Alliance Assurance Co., 780 F.2d 1082, 1090-91 (2d Cir. 1986)
(insurer waived misrepresentation defense where asserted
different defense only despite constructive notice of
misrepresentation). The requirement that claims be reported within a
specified time period is "the trigger for coverage" under a
claims-made policy, not a defense to existing coverage, and cannot be
waived. Calocerinos, 856 F. Supp. at 780.
1. The Second Amended Complaint Was A Claim Made During the
Illinois National maintains that the Second Amended
Complaint, although it was filed in May 1996, was not a "claim
made" during the 1995-96 Policy period because it was part of the
same "judicial proceeding," i.e., the Newman Class Action.
Instead, argues Illinois National, this was one and the same
claim as the Newman Class Action.
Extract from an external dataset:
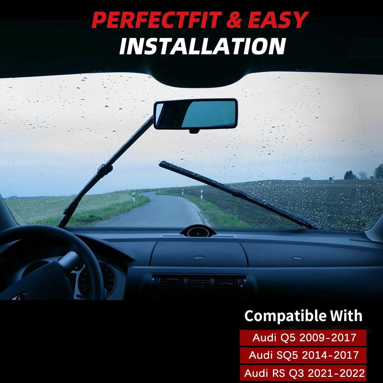 - [24"+20"+13" Perfect Fitment]: Replacement for Audi Q5 2009-2017,SQ5 2014-2017,RS Q3 2021-2022. Our windshield wiper blades are engineered to provide a perfect fit for vehicle models, ensuring optimal performance and coverage
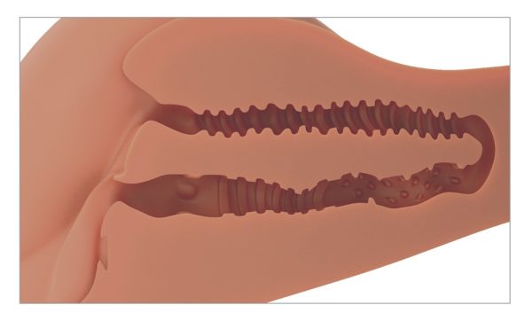 Gemaakt van huidachtig Fanta Vlees, voelt alles absoluut levensecht aan. Bovendien absorbeert het zachte, soepele materiaal snel de lichaamstemperatuur. Met zijn gewicht van bijna 5 kg ligt de handige, slipvaste torso ook stevig en slipvast op elk glad oppervlak, zodat er zorgeloos en zelfs handsfree mee gespeeld kan worden. De plezierkanalen zijn met elkaar verbonden om de reiniging te vereenvoudigen.

It is undisputed that the
Newman Class Action (which included persons injured between
September 29, 1993 and January 27, 1994) was not covered by the
1995-96 Policy, since it was predated November 1, 1995. Illinois
National's argument turns on the procedural posture of the Second
Amended Complaint, that is, it was part of the same judicial
proceeding because the mechanism by which the claims of the new
class were raised was through an amended complaint. Illinois
National's reliance on the procedural posture of the Second
Amended Complaint, however, is misplaced.